In other news, I've decided to re-route myself and take a different bus route. I take this one bus which goes down "the Poor People" street (it's not judgmental if it's true) and a shitload (literally!) of smelly people get on that bus. And now twice I've had to sit beside people who smell like sweat and garbage. Argh! And you know, I know that this happens. I am not trying to be mean, but being trapped in a stink cell, trapped between a wall and a stink lump of a person, really, really, sucks. But I try to be nice. I try to stick it out. I don't want to get up and move.

BUT! Here's a fun tale: So this guy (let's say he's large. Let's say he's massively overweight. Let's say, the bus seats are not equipped for his size) gets on the bus and yeah he's big and that's fine. I can deal with large people sitting next to me. it's fine, it's fine. but! You cannot come in and try to get square footage in my bus seat! Who are, fat Christopher Columbus? Honestly, we should be able to put up mini bus-fences so people DO NOT CROSS THE SEAT LINE. Annoying. It's like really... Do I really want to ride with your big ol' arm jabbing my gut? no. No I do not. Personal space, people! I like mine a whole lot. So he falls asleep, halfway into my bus-seat property and I'm pissed. Do not touch me with your cigarette-smelling jacket. So, I create a "Purse barrier". What to do when you want to keep people out? You build fences. I learned from my Chinese peeps that building a great wall is where it's at. So I put my purse between us (apologizing to my purse for the smell it has to endure) and slowly push him OUT OF MY PROPERTY. This becomes thrilling. It's like sweeping... I push... and push. and.... go to far. He nearly falls out of his seat! Embarrassing (for both of us).
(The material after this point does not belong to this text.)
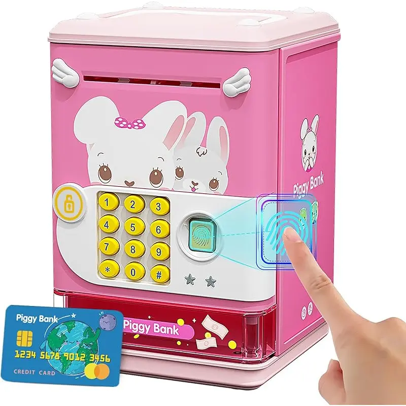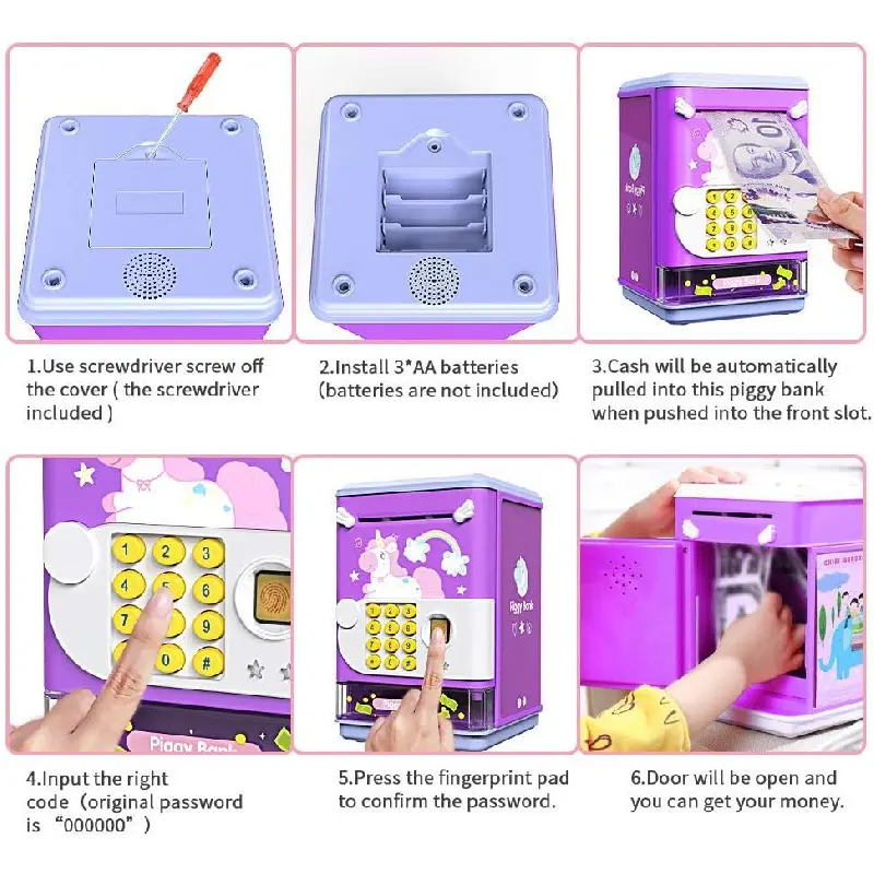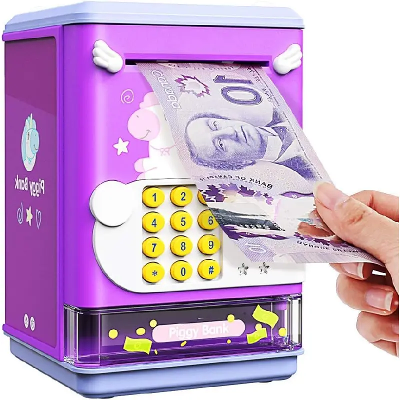 Our piggy bank is made of high quality ABS durable material, smooth edge without burrs,vivid color, no smell and easy to clean.So the can play safely.

He gets off a few stops earlier (I don't think because of me). And even though I feel bad, the thing is, I don't really. I don't go on the bus to be sat on.

I'm a good person, really.

Saturday, May 9, 2009

I'm a Whitney lookin' for a Lauren

Today my first week of Magazine Publishing ended. When people ask me how it's going, it's kind of hard to say because 1/4 of it was a lot of "team building ice breaker games" (ie. "what quirky thing do you have in common?", "what would be your exotic dancer name?"); 1/4 has been review of my BA stuff (if only I had any longterm memory, 50% would probably be review); 1/4 is exciting, 1/4 is unknown, which is the scariest part. Did that even add up right? It's fine, I'm not in a math program... yeahhh...

I'm not sure where I stand, since we haven't been graded yet and I still have that nervousness where I want to do well so badly that I might end up choking. I have no idea where these other students are coming from. WHAT ARE YOUR AGENDAS, FELLOW PUBLISHING STUDENTS? Put a bunch of like-minded students together and it's all well and good until you figure out what the hierarchies are. I just want to be the awesomest. Is that too much to ask?

At a more basic level, everyone seems relatively nice and the campus smells like Cedar (and sometimes garbage)? I've been getting around okay (mostly because my colleages lead me around) however I got lost once attempting to follow someone to the bus loop, only to realize I was following them to their car. AWKWARD.

It's tiring though. Even though my hours are shorter, I'm not used to waking up at 630am regularly. I've never had to, so, yeah. But it's been okay so far. You'll see, in a couple of weeks I'll be swearing and cursing transit because I keep waking up too late and they don't pick me up.

I think that's all for now... must sleep. oooh. I've been up for 21 hours. sweet. Shall I attempt to go for 24?